Source material —
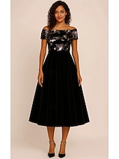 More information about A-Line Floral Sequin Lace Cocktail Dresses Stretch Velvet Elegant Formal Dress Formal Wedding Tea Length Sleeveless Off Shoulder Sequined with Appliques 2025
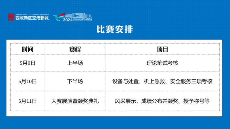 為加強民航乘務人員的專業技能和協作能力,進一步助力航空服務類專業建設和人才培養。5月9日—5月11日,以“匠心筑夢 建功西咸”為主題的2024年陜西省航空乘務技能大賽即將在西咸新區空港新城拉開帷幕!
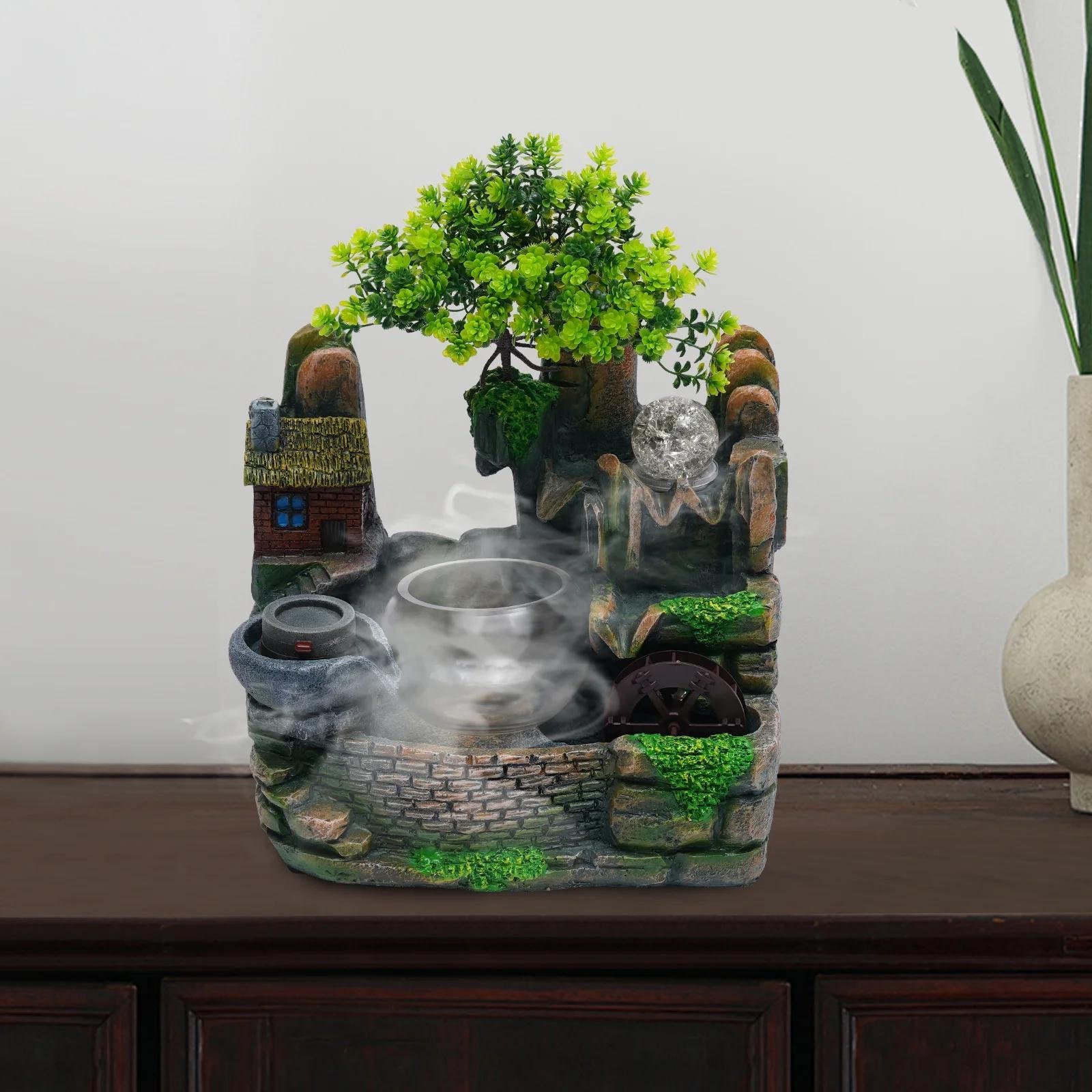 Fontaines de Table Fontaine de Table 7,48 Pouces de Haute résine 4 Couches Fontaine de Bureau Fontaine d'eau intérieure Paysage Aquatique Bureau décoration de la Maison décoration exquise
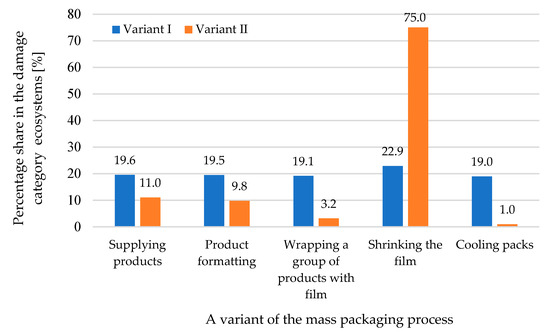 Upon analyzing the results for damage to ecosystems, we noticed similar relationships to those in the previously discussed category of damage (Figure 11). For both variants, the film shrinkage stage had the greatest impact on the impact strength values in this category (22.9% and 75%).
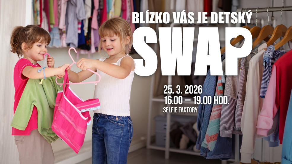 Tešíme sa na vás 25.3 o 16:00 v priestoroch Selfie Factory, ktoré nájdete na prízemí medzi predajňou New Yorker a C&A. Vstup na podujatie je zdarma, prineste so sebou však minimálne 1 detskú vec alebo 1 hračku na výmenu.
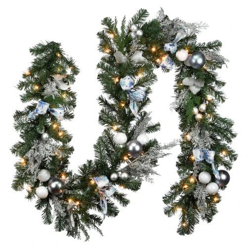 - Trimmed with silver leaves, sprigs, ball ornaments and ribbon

* * *

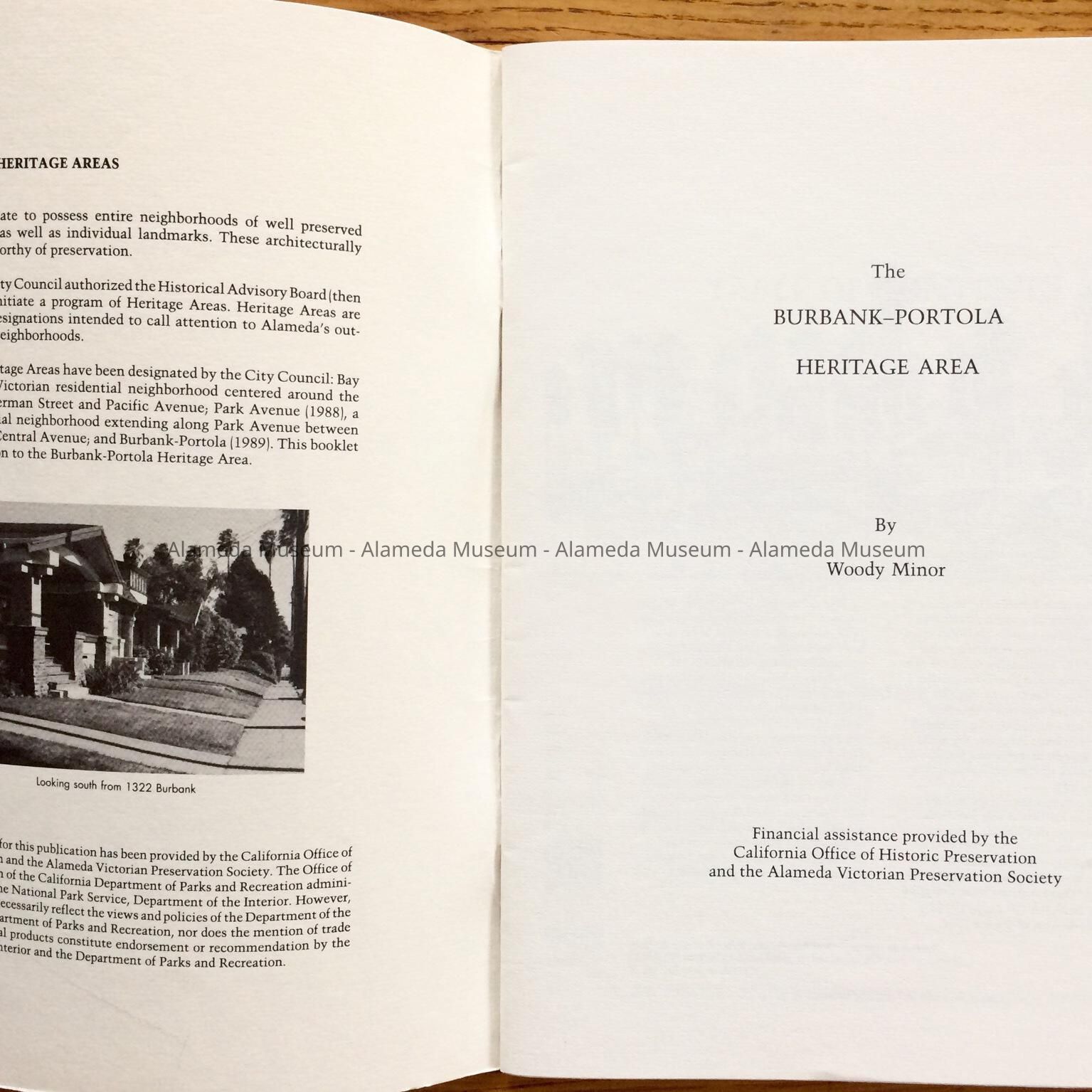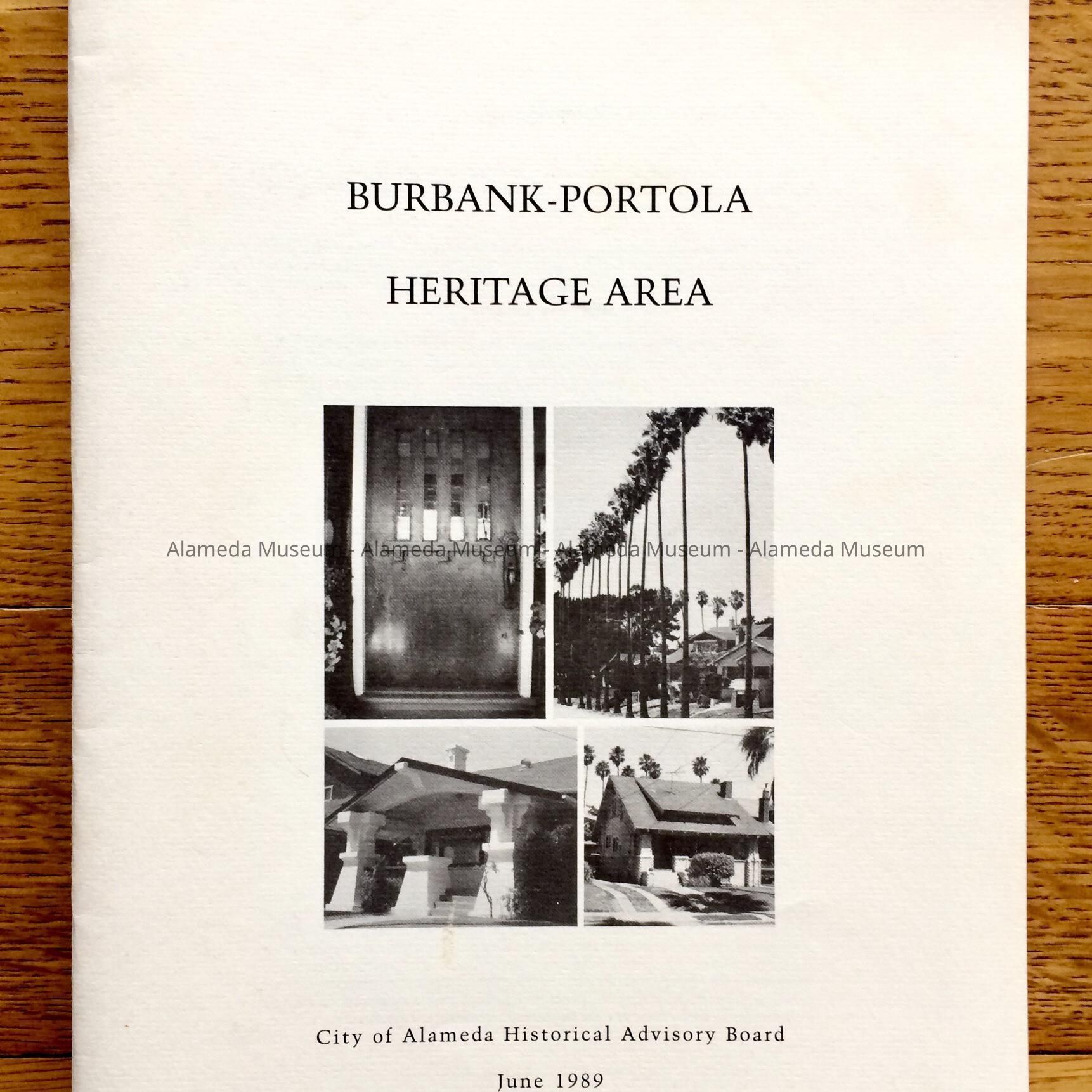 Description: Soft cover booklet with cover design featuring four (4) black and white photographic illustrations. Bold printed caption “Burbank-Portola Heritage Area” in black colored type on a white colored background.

...

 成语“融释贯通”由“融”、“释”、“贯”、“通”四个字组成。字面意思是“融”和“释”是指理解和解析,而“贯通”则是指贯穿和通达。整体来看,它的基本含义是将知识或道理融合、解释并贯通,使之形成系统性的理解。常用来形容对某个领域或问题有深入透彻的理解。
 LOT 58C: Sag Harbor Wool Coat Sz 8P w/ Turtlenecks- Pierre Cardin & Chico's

Task details —
Go down the entries above from the line containing "More information about" to the line containing "為加強民航乘務人員的專業技能" and write out each line exactly, leaving pictures out.

Answer for this exercise —
 More information about A-Line Floral Sequin Lace Cocktail Dresses Stretch Velvet Elegant Formal Dress Formal Wedding Tea Length Sleeveless Off Shoulder Sequined with Appliques 2025
 為加強民航乘務人員的專業技能和協作能力,進一步助力航空服務類專業建設和人才培養。5月9日—5月11日,以“匠心筑夢 建功西咸”為主題的2024年陜西省航空乘務技能大賽即將在西咸新區空港新城拉開帷幕!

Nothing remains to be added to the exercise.